7 substances you cannot use to dilute essential oils

I’ve often written about the importance of diluting essential oils properly.

You know, putting some drops of essential oils into another substance, so they aren’t as concentrated, and so you can minimize the risk of skin sensitization or allergic reactions.

There’s a short list of things you can use to dilute essential oils.

But there’s a seemingly inexhaustible list of things that you cannot use to dilute essential oils. And yet, you won’t go long when researching essential oils before somebody recommends one of the following for dilution:

#1 Vinegar

Vinegar is between 80%-95% water (practically no capacity for diluting essential oils).

The rest of what’s in vinegar (acetic acid) can dilute substances such as essential oils, but there’s just not enough of it to do a proper job.

#2 Water

Essential oils don’t dilute in water by definition (essential oils are what separates on top of the water during the steam distillation or expression process).

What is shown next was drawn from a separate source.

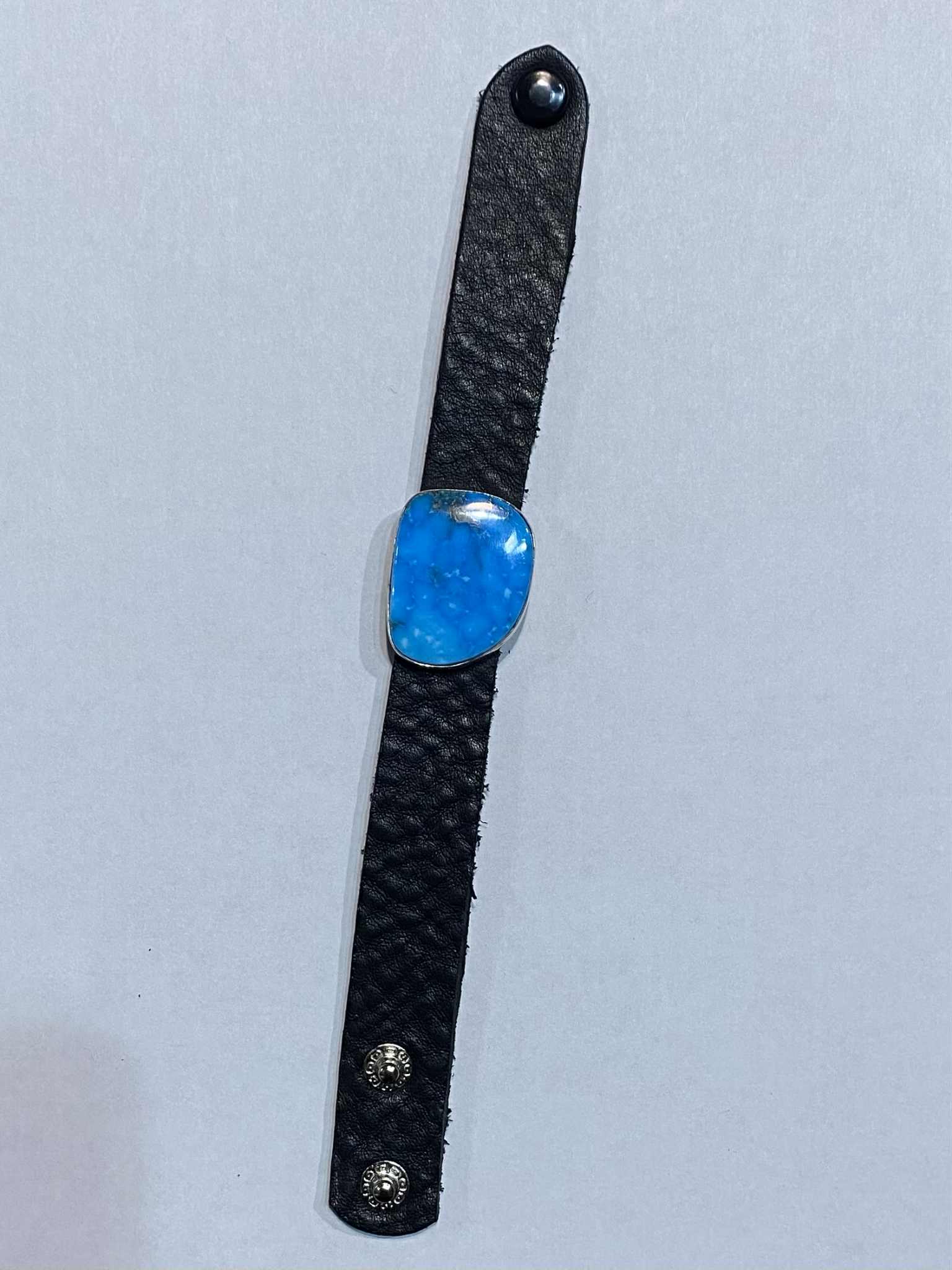 Bold, modern, and western to the core — the Turquoise Range Bracelet in black leather is here to make a statement. Featuring a striking blue stone centerpiece set against a textured black leather band, this piece is made for the cowgirl who walks her own line.

A very small quantity of some essential oil compounds will dilute in water, but it’s not something to count on.

The same goes for things that are almost entirely water, such as tea, juice, sparkling lemonade, or a virgin mojito.

#3 A lot of hot water

Water won’t dilute essential oils, and that doesn’t change if you use a lot of water, or if you make it steaming hot.

If you want to use essential oils in the bathtub, don’t rely on the gallons of water that are in there to protect you from getting a skin reaction.

#4 Epsom salts

Epsom salts are magnesium sulfate, and water mixed with magnesium sulfate they will do absolutely nothing to dilute essential oils.

I’m not really sure where this myth came from, but I see it popping up frequently around the Internet.

#5 Aloe vera gel and jelly

Aloe vera gel, the pure stuff that comes from the plant, is mostly water, and you know water won’t cut it.

Aloe vera jelly, the thicker commercial product that has other chemicals added in, can be used as a carrier for some uses, but it still won’t dilute essential oils.

#6 Cheap vodka from the corner liquor store

Ethanol, or pure alcohol, will dilute essential oils. However, vodka, cheap or expensive, is only about 40% alcohol, with the rest being water.

And much like vinegar, there’s not enough of the essential-oil-diluting stuff in vodka (or other drinking spirits) to do a good job diluting essential oils.

#7 Honey

At bottom, honey is water with a lot of sugar in it. it’s not a suitable solvent for essential oils.

Now, a couple of these substances, such as aloe vera jelly and honey, might make an ok carrier for essential oils in certain situations.

That’s because they are rather thick, and if you mix in the oils with a lot of fervor, they won’t separate from the carrier very quickly. But at a chemical level, neither of these substances will actually dilute the oils.

As for the rest, enjoy your hot bath, your cool glass of water, or your shot of tequila — but don’t count on them to dilute essential oils.